Fondamentalmente, Seaborn divide i parametri Matplotlib in due gruppi:

  • Stili di trama
  • Scala del grafico

Stili di figura di Seaborn

L'interfaccia per manipolare gli stili è set_style(). Usando questa funzione puoi impostare il tema della trama. Secondo l'ultima versione aggiornata, di seguito sono riportati i cinque temi disponibili.

  • Darkgrid
  • Whitegrid
  • Dark
  • White
  • Ticks

Proviamo ad applicare un tema dall'elenco sopra menzionato. Il tema predefinito della trama saràdarkgrid che abbiamo visto nell'esempio precedente.

Esempio

import numpy as np
from matplotlib import pyplot as plt
def sinplot(flip=1):
   x = np.linspace(0, 14, 100)
   for i in range(1, 5):
      plt.plot(x, np.sin(x + i * .5) * (7 - i) * flip)
import seaborn as sb
sb.set_style("whitegrid")
sinplot()
plt.show()

Produzione

La differenza tra i due grafici precedenti è il colore di sfondo

Rimozione delle spine degli assi

Nei temi bianco e zecche, possiamo rimuovere le spine dell'asse superiore e destro usando il despine() funzione.

Esempio

import numpy as np
from matplotlib import pyplot as plt
def sinplot(flip=1):
   x = np.linspace(0, 14, 100)
   for i in range(1, 5):
      plt.plot(x, np.sin(x + i * .5) * (7 - i) * flip)
import seaborn as sb
sb.set_style("white")
sinplot()
sb.despine()
plt.show()

Produzione

Nei grafici regolari, usiamo solo gli assi sinistro e inferiore. Usando ildespine() , possiamo evitare le spine dorsali degli assi destro e superiore non necessarie, che non sono supportate in Matplotlib.

Ignorare gli elementi

Se vuoi personalizzare gli stili Seaborn, puoi passare un dizionario di parametri al file set_style() funzione. I parametri disponibili vengono visualizzati utilizzandoaxes_style() funzione.

Esempio

import seaborn as sb
print sb.axes_style

Produzione

{'axes.axisbelow'     : False,
'axes.edgecolor'      : 'white',
'axes.facecolor'      : '#EAEAF2',
'axes.grid'           : True,
'axes.labelcolor'     : '.15',
'axes.linewidth'      : 0.0,
'figure.facecolor'    : 'white',
'font.family'         : [u'sans-serif'],
'font.sans-serif'     : [u'Arial', u'Liberation  
                        Sans', u'Bitstream Vera Sans', u'sans-serif'],
'grid.color'          : 'white',
'grid.linestyle'      : u'-',
'image.cmap'          : u'Greys',
'legend.frameon'      : False,
'legend.numpoints'    : 1,
'legend.scatterpoints': 1,
'lines.solid_capstyle': u'round',
'text.color'          : '.15',
'xtick.color'         : '.15',
'xtick.direction'     : u'out',
'xtick.major.size'    : 0.0,
'xtick.minor.size'    : 0.0,
'ytick.color'         : '.15',
'ytick.direction'     : u'out',
'ytick.major.size'    : 0.0,
'ytick.minor.size'    : 0.0}

La modifica dei valori di uno qualsiasi dei parametri altererà lo stile di stampa.

Esempio

import numpy as np
from matplotlib import pyplot as plt
def sinplot(flip=1):
   x = np.linspace(0, 14, 100)
   for i in range(1, 5):
      plt.plot(x, np.sin(x + i * .5) * (7 - i) * flip)
import seaborn as sb
sb.set_style("darkgrid", {'axes.axisbelow': False})
sinplot()
sb.despine()
plt.show()

Produzione

Scalare gli elementi del grafico

Abbiamo anche il controllo sugli elementi della trama e possiamo controllare la scala della trama utilizzando il set_context()funzione.
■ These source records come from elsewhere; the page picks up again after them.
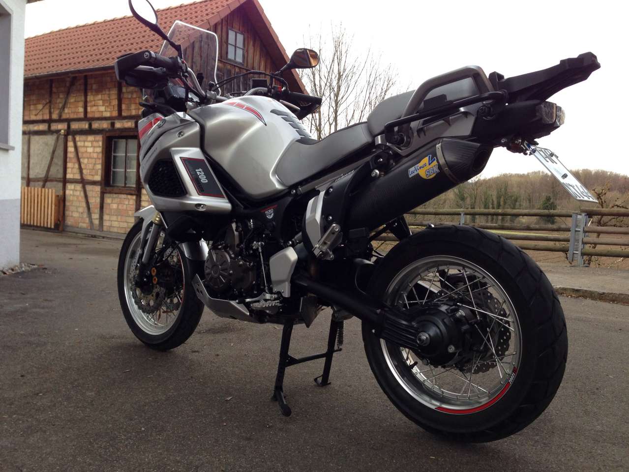 Sag, da du deine auch hinten höher gestellt hast, geht das Hinterrad am Boden an ? wenn sie auf dem Hauptständer steht .
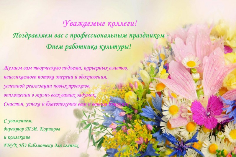 От всей души поздравляем вас с Днём работника культуры! Этот праздник — прекрасная возможность выразить признательность каждому из вас за ваш труд, талант и преданность искусству.
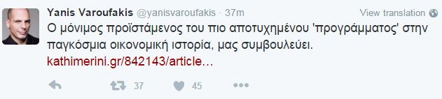 “Ο μόνιμος προϊστάμενος του πιο αποτυχημένου ‘προγράμματος’ στην παγκόσμια οικονομική ιστορία, μας συμβουλεύει” έγραψε αναφερόμενος στη συνέντευξή του επικεφαλής του Euroworking Group στην Καθημερινή, όπου μεταξύ άλλων είπε ότι δεν κλείνει η αξιολόγηση χωρίς το ΔΝΤ.
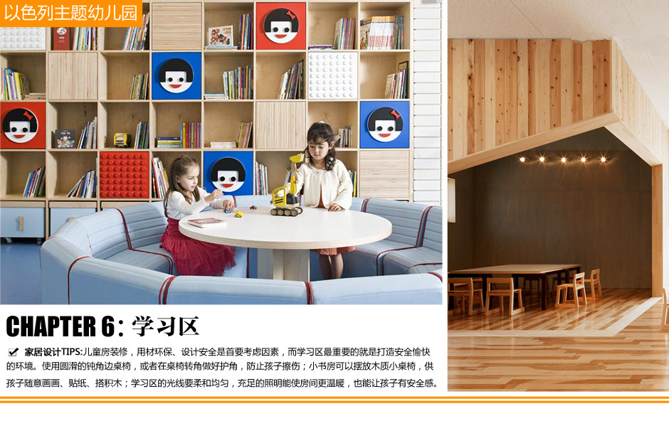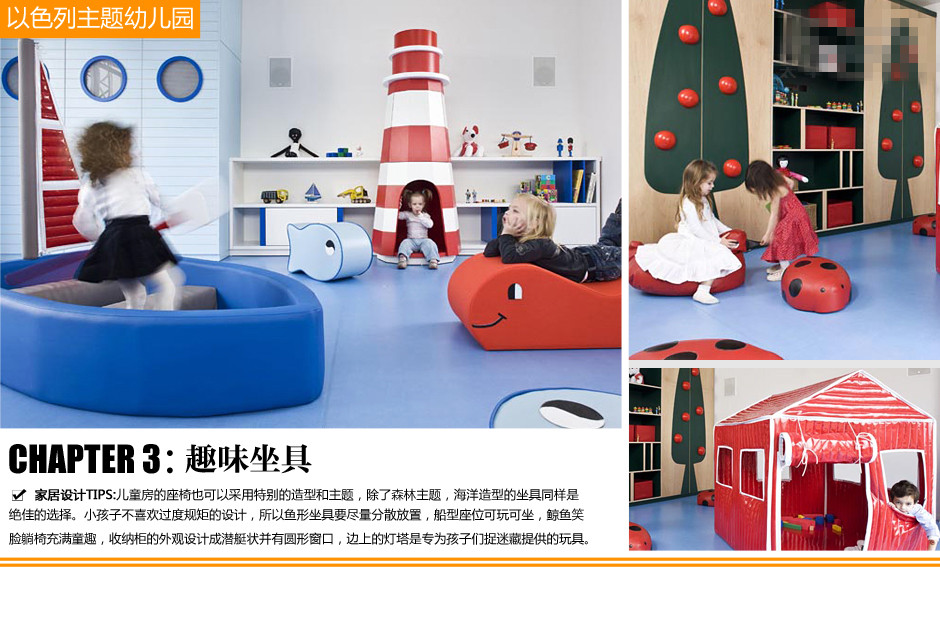 3、這是幼兒園的其中一間教室,低矮的花型座椅散亂分布在教室四處,立體紅蘋果懸掛在樹形的模型上,黑板上懸掛著松樹圖案的浮雕。微型帳篷安放在教室的中心區(qū)域,里面填滿了紅白兩色的乙烯基塑料填充物,悅目的色彩給童年增添了不少生動(dòng)的記憶。
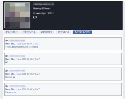 BBC 就此與 5 名俄羅斯 Facebook 用戶取得了聯(lián)系,證實(shí)被上傳的私人信息是屬于他們的。其中一名用戶的被盜信息是最近度假時(shí)的照片,另一名用戶與 Depeche Mode 樂隊(duì)演唱會(huì)有關(guān)的聊天記錄被盜,還有一名用戶則是抱怨自己女婿的相關(guān)信息被公布了出來(lái)。此外,一對(duì)戀人之間的親密通信也遭到泄露。
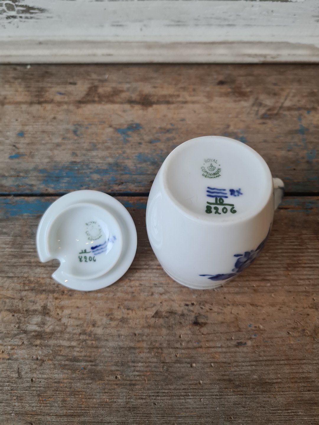Royal Copenhagen Blå Blomst flettet sennepskande med låg No. 8206,
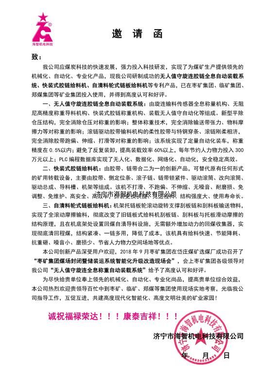 我公司應(yīng)煤炭科技的快速發(fā)展,強(qiáng)力投入科技研發(fā),實(shí)現(xiàn)了為煤礦生產(chǎn)提供領(lǐng)先的機(jī)械化、自動(dòng)化、專業(yè)化產(chǎn)品,現(xiàn)我公司研制成功的無人值守旋連膠鏈全息自動(dòng)裝載系統(tǒng)、快裝式膠鏈給料機(jī)、自清料輪式鏈板給料機(jī)等專利產(chǎn)品,已在棗礦集團(tuán)、臨礦集團(tuán)、鄭煤集團(tuán)等礦業(yè)集團(tuán)投入使用,并得到高度認(rèn)可和好評。
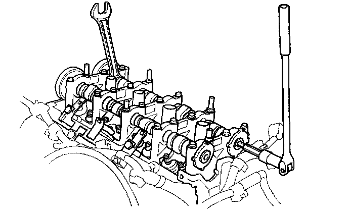 2. Hold the camshaft with an open-end wrench, then loosen the bolt.
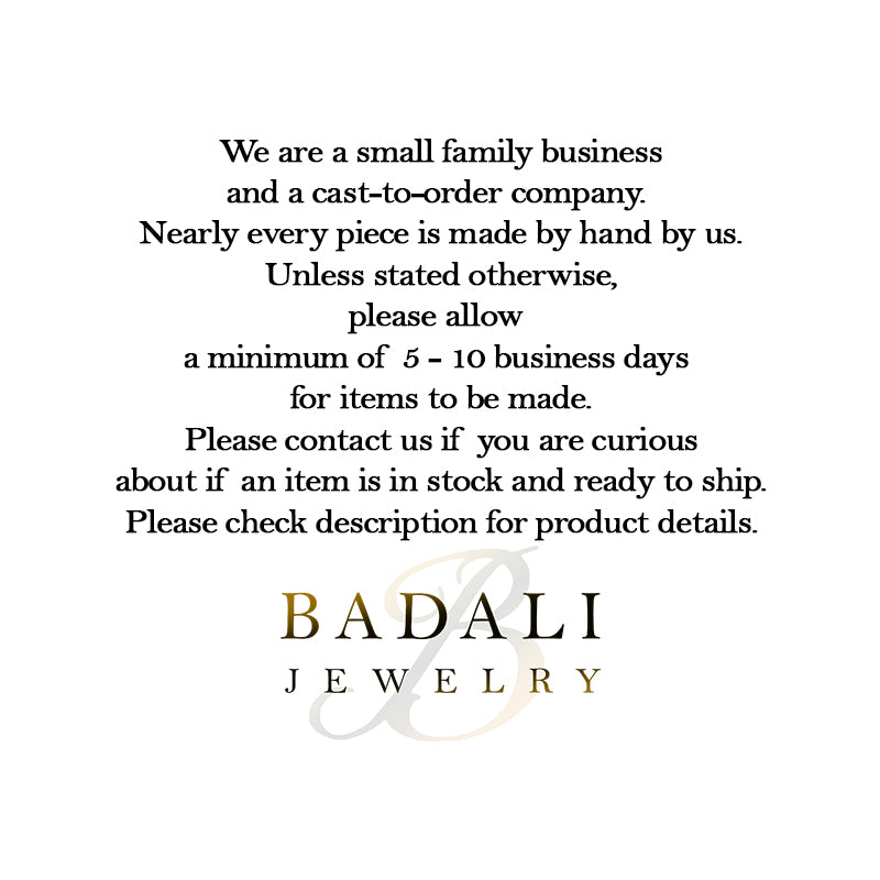 Production time and Process: We are a made-to-order company, nearly every item is hand made by our small team of jewelers in Utah. Your order will ship in 5 to 10 business days if the item is not in stock. For more information, please see our FAQ page.
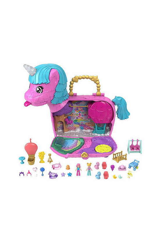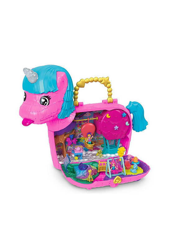 Celebrate Polly Pocket’s 35th Anniversary with the Unicorn Partyland Playset from BARBIE. Get the celebration started with two micro dolls and 25+ accessories, including unicorn pets. This party is poppin’, or should we say poopin»! With two unique ways to discover accessories, kids will love the rainbow ‘puke’ packed bags that fall out of the unicorn mouth and the ‘poop’ of surprise accessories when the tail is lifted! Surprises can be reloaded for repeat fun. The festive unicorn pinata exterior opens to a magical celebration where dolls can go for a ride in a hot air balloon, take turns on the swing, and share a slice of cake in the park. The party never ends with Polly Pocket and friends!
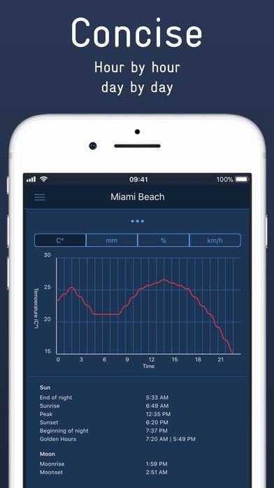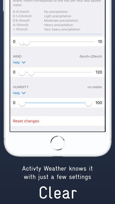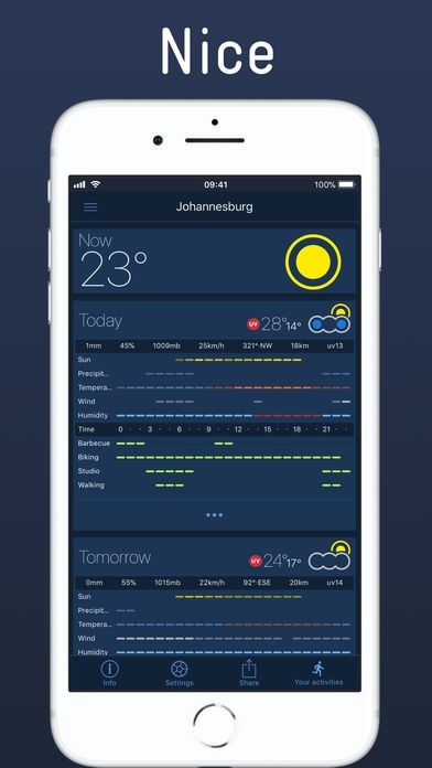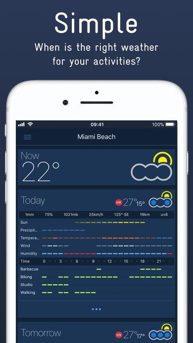 Simple and with just a few settings you can set the weather conditions for each activity – the app does the rest and displays it in a nice, clear and concise way.
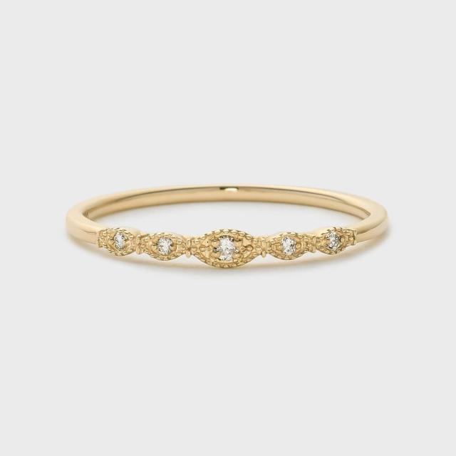 繊細な刻み模様でクラシカルに仕立てたリング。ダイヤモンドの輝きと丁寧に施された地金装飾が上品な手元を演出します。※サイズ直しプラスマイナス2号迄。※天然石や天然素材を使用しているものは、サイズ・色味・風合いの違いや、若干の傷、内包物の有無などに個体差があります。予めご了承ください。
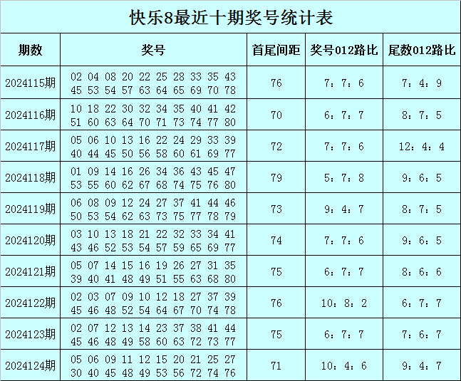 福彩快乐8第2024124期开出奖号:05 06 09 11 12 15 20 21 25 27 30 40 45 48 49 53 56 72 74 76,其中奖号012路比为10:4:6,尾数012路比为9:4:7。
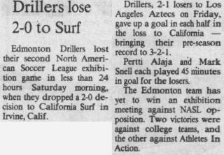 | Edmonton Drillers vs. California Surf (Irvine, California) Date: March 8, 1980 Drillers lost 2-0 Attendance: Goals: Surf- |
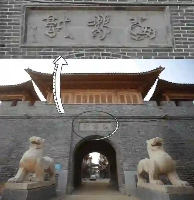站在中式古城前的我们再次感到了自己的无知和渺小,因为城门上写的三个字,我们一个也不认识……只好再次求助工人师傅,师傅给出的答案是——鸡鸣城。原来如此,怪不得城门上还真的画了一只鸡。

Abbiamo quattro modelli preimpostati per i contesti, in base alla dimensione relativa, i contesti sono denominati come segue

  • Paper
  • Notebook
  • Talk
  • Poster

Per impostazione predefinita, il contesto è impostato su notebook; ed è stato utilizzato nelle trame sopra.

Esempio

import numpy as np
from matplotlib import pyplot as plt
def sinplot(flip = 1):
   x = np.linspace(0, 14, 100)
   for i in range(1, 5):
      plt.plot(x, np.sin(x + i * .5) * (7 - i) * flip)
import seaborn as sb
sb.set_style("darkgrid", {'axes.axisbelow': False})
sinplot()
sb.despine()
plt.show()

Produzione

La dimensione dell'output del grafico effettivo è di dimensioni maggiori rispetto ai grafici precedenti.

Note - A causa del ridimensionamento delle immagini sulla nostra pagina Web, potresti perdere la differenza effettiva nei nostri grafici di esempio.